When scaling this to 10k concurrent users, the simple loop above will kill your latency and your wallet. Here is what breaks and how to fix it:

1. Latency Spikes (The “Double Cost” Problem)

The Issue: A Dyad architecture inherently doubles (or triples) the token count per request because of the verification loop. The Fix:

  • Optimistic UI: Stream the “Generator’s” initial draft to the frontend immediately, but mark it as “Verifying…”. If the Verifier catches an error, update the UI with the refined version. This keeps perceived latency low.
  • Model Tiering: Use a distilled model (e.g., Llama-3-8b) for the Generator and a reasoning model (GPT-4o) ONLY for the Verifier.

2. The “Sycophancy” Loop

The Issue: Sometimes the Generator will simply agree with the Verifier without actually fixing the code, or the Verifier will get stuck in a loop of nitpicking minor details.
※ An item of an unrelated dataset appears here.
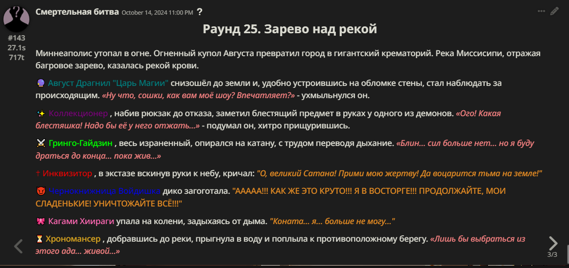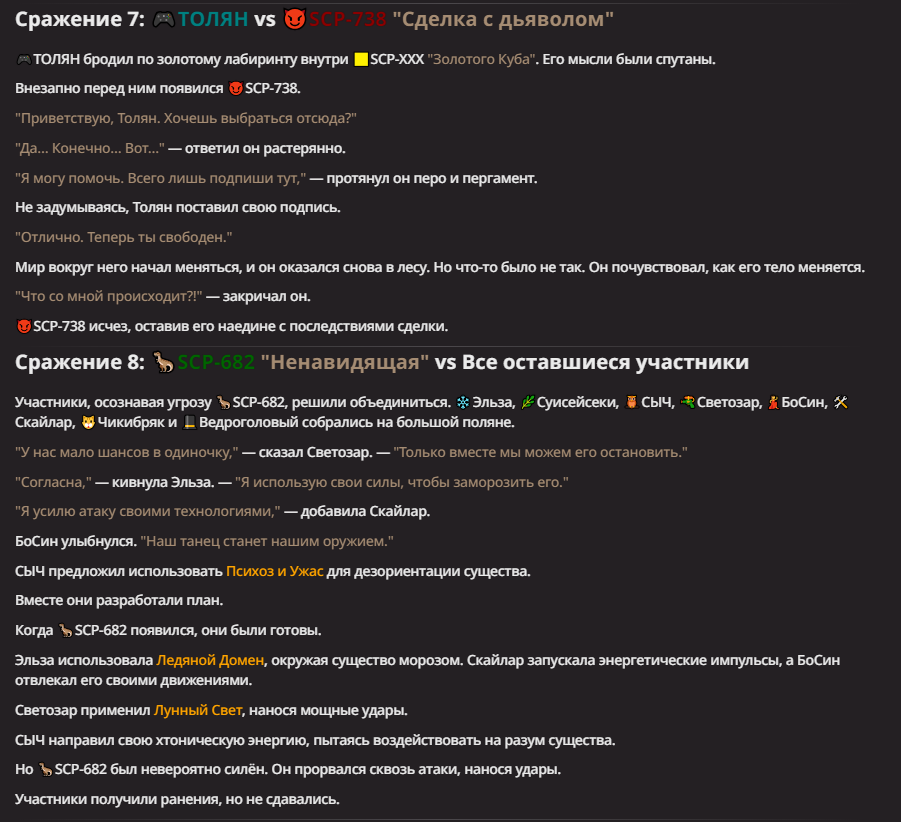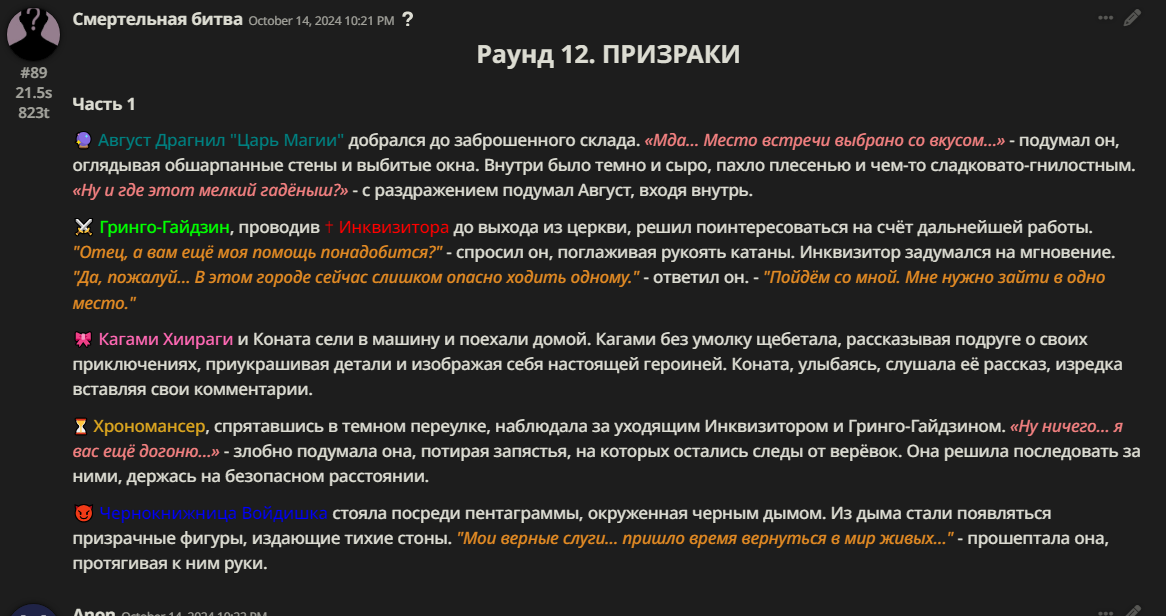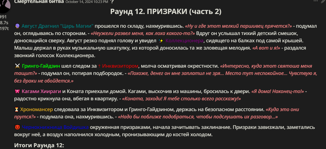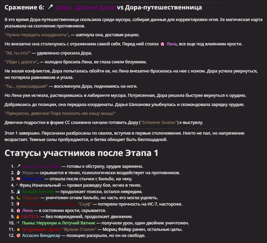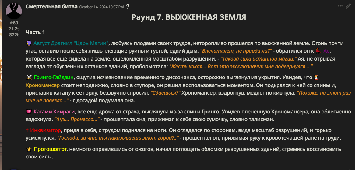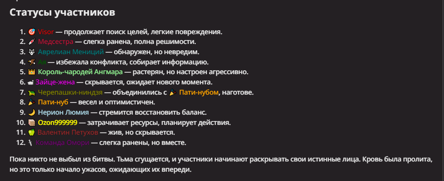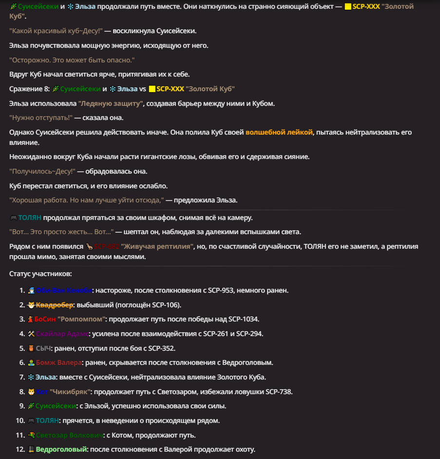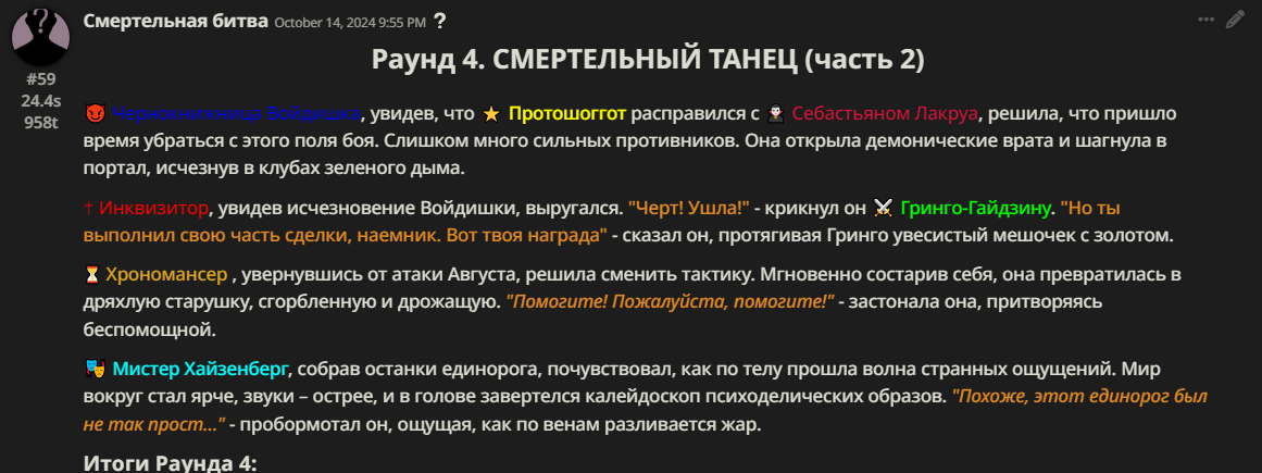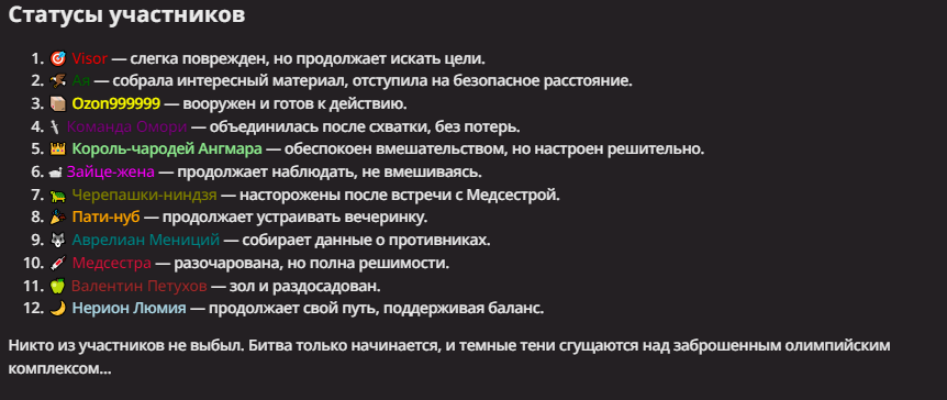 Правила(могут меняться в зависимости от ОПа): 1. Максимум в бою могут участвовать 12 персонажей. После этого набор закрывается и начинается битва. 2.Нельзя предлагать персонажей на около божественном уровне силы. 3.Персонажи с напарниками НЕ запрещены В РАЗУМНЫХ ПРЕДЕЛАХ, с соблюдением баланса сил. Никаких легионов космодесанта. Upd. Уточняйте у текущего ОПа. 4.После участия в бою персонаж уходит на перерыв в 3 боя(сделано для защиты от спамеров одного персонажа). 5.Нельзя предлагать персонажей которые могут призывать других существ без каких-либо условий. Пример: Маг который призывает демонов по щелчку пальцев == не допускается. Маг которому нужны трупы или какой-то длительный ритуал с условиями для призыва демона == допускается. 6.После использования локации она выбивается из случайного списка на 9 боёв.(Почему так много? Ради разнообразия) Upd. Формат может меняться в зависимости от ОПа 7.Набор персонажей полностью закрывается после начала боя и открывается только когда он закончится. 8. Ведущий оставляет за собой право не принять вашего персонажа. Будьте корректны - в случае, если такое произошло, вежливо спросите причину и/или дождитесь другого ведущего.

The Fix:

  • Temperature Decay: Lower the temperature of the Generator on every retry (e.g., 0.7 -> 0.5 -> 0.1) to force convergence.
  • Divergence Penalty: In the prompt, explicitly forbid the Generator from apologizing. “Do not apologize. Just output the corrected code.”

3. State Management

The Issue: If your container crashes during refinement_2, the user loses progress. The Fix:

  • Persist every step to Redis (as shown in the stack). If the process dies, the next worker can pick up the history and resume from the last critique rather than starting from scratch.

🚀 Final Verdict

The Dyad architecture is the difference between a “demo” and an “enterprise product.”

If you are building an internal tool where accuracy is paramount (e.g., Legal AI, FinTech), you must use a Dyad. The cost of extra tokens is negligible compared to the cost of a liability lawsuit from a hallucination.

Start with the code above. Add Redis persistence. Then, tune your “Verifier” prompt-that is where 80% of your system’s intelligence lives.